What does the reluctance to recognise specialisation in optometry say about the profession? For one, given the lack of internal optometric referrals for those issues listed above in the last paragraph, those clients are more likely to receive no care, or inadequate care in the hands of other fields such as occupational therapy, general practitioner optometrists, or through medicine. So, by our own doing, we defer to another profession in an admission that ‘our profession cannot help that’, and that we need ‘real’ doctors to handle more complex situations. It also speaks to the great lack of communication from our professional associations to members regarding even the mere fact that optometric specialties exist. Next, not recognising specialisation belies a narrow understanding of the potential of our own profession, and implies that ‘everything that can be known is known’ by all general optometric practitioners; this is in part due to the limited scope of instruction in Canadian colleges of optometry, which are more heavily influenced by medicine than by classical or behaviour optometric principles. We can also surmise that the politics of a loosely defined national ‘family’ of optometrists trumps professional advancement and evolution. It is more important, in other words, to keep then peace and maintain lower standards rather than to edge forward. Not that there is a low standard assumed in general practice, but that disallowing specialisation suggests there is no need to do so. Finally, optometrists are discouraged from conducting clinical research or writing – not actively by decree, but implicitly by the sheer futility of it: Why pursue specialised work in a vacuum?
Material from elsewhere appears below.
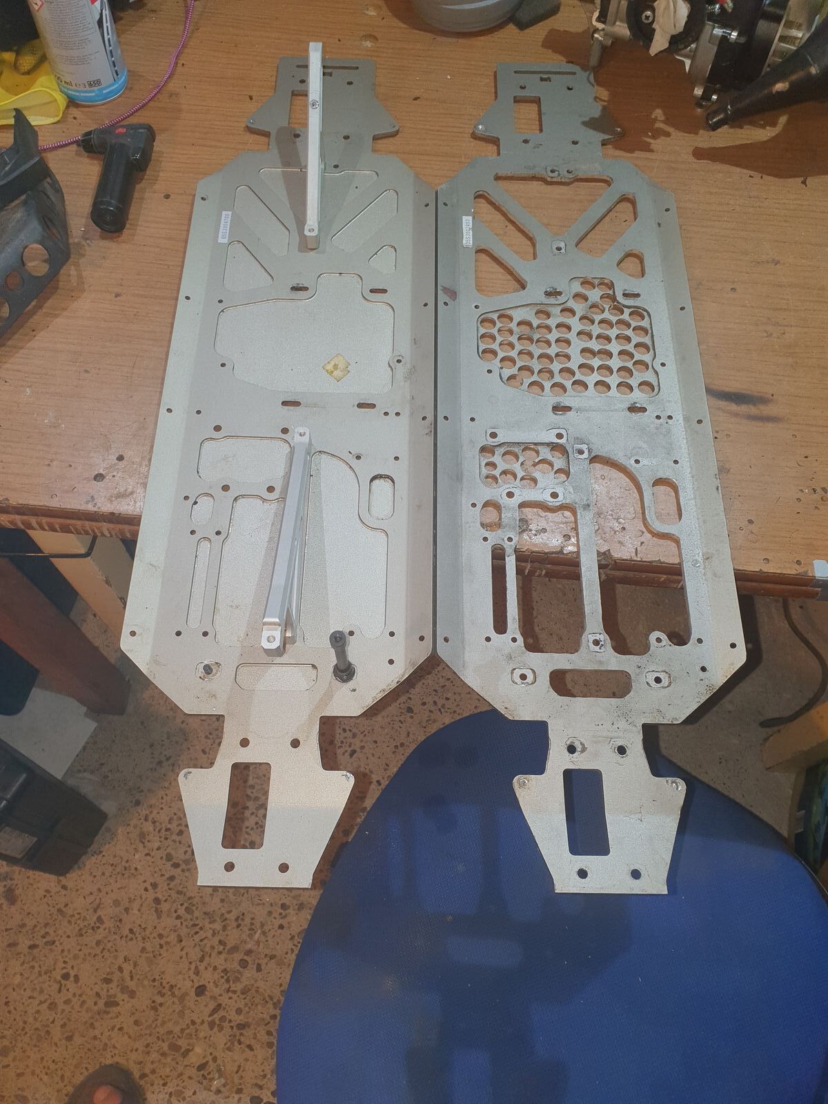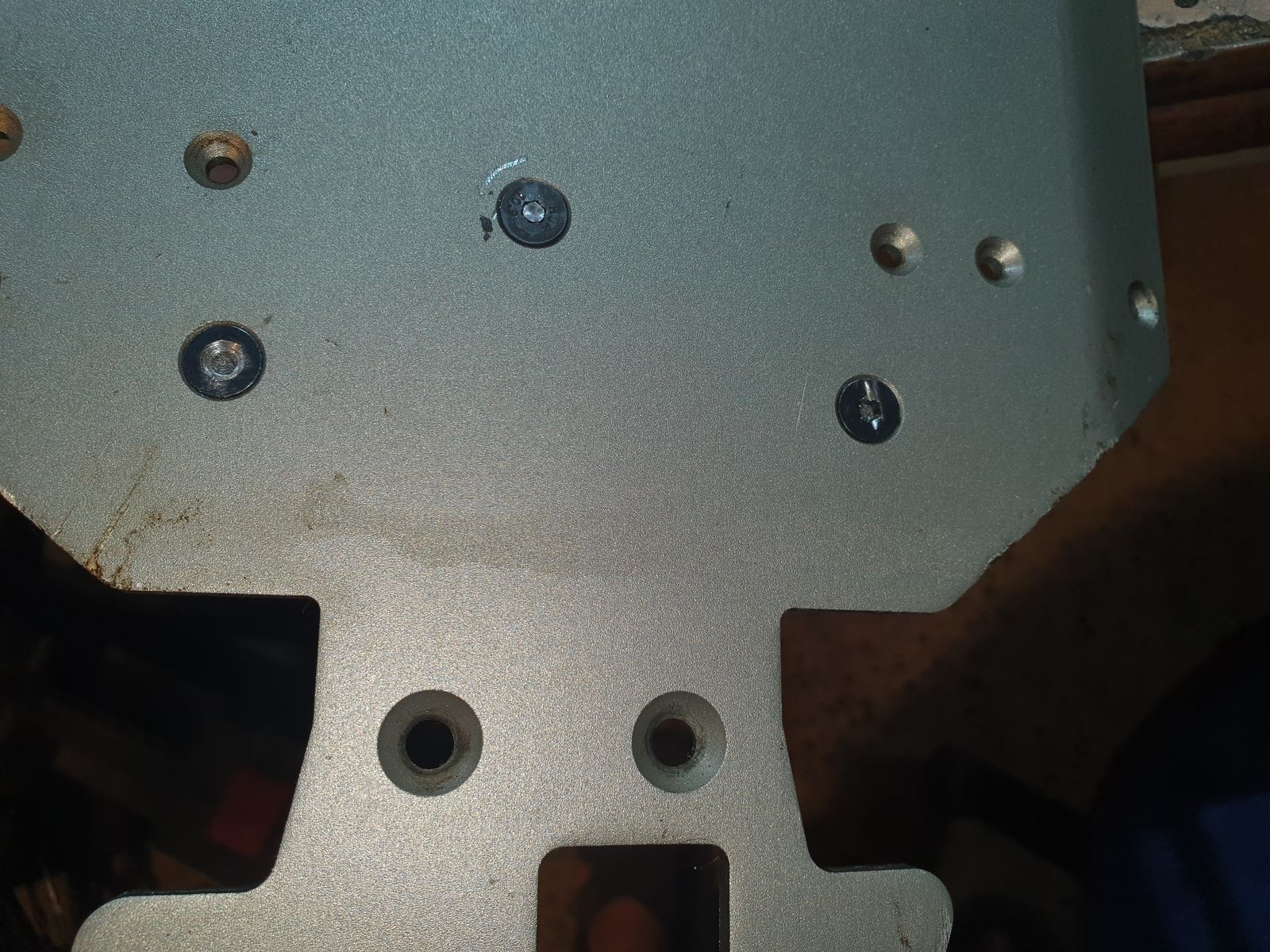 Nach erhalt der Platte musste ich erst mal die Chassisstreben entfernen, naja so einfach war das nicht, Inbuss rundgedreht, also musste ich einen Schlitz reindremeln, damit ich es mit einem Schlitzschraubendreher entfernen konnte.

Many optometrists will have heard the comment ‘optometrists aren’t real doctors’ – and while I have many respected colleagues whom I count as some of the best doctors I know, period, part of being a ‘real’ doctor is in strong advocacy for public health and advancement of the profession. The lack of support for professional specialisation means that there will be no growth in the profession, or only marginal growth, for the foreseeable future. The growth we will see will be in incremental expansion of medical scope, and this under the watchful eye of another profession, that of medicine.

Optometric associations, both provincial and national, are mandated to promote the profession and to help it grow, but it appears there is more affinity to become junior ophthalmologists by incremental expansion of medical scope, rather than to grow as a unique, diverse, and meaningful community of doctors of optometry through internal specialisation. In the end, it is the patient that suffers the most, with the profession coming in a close second for overall damage. If we cannot support specialisation within the profession, there is no chance that others will follow. Even as patients now benefit from the specialised care provided by developmental OD’s, for example, there is virtually no public funding for this care, and many go without as a consequence. This is not what a real doctor would advocate for.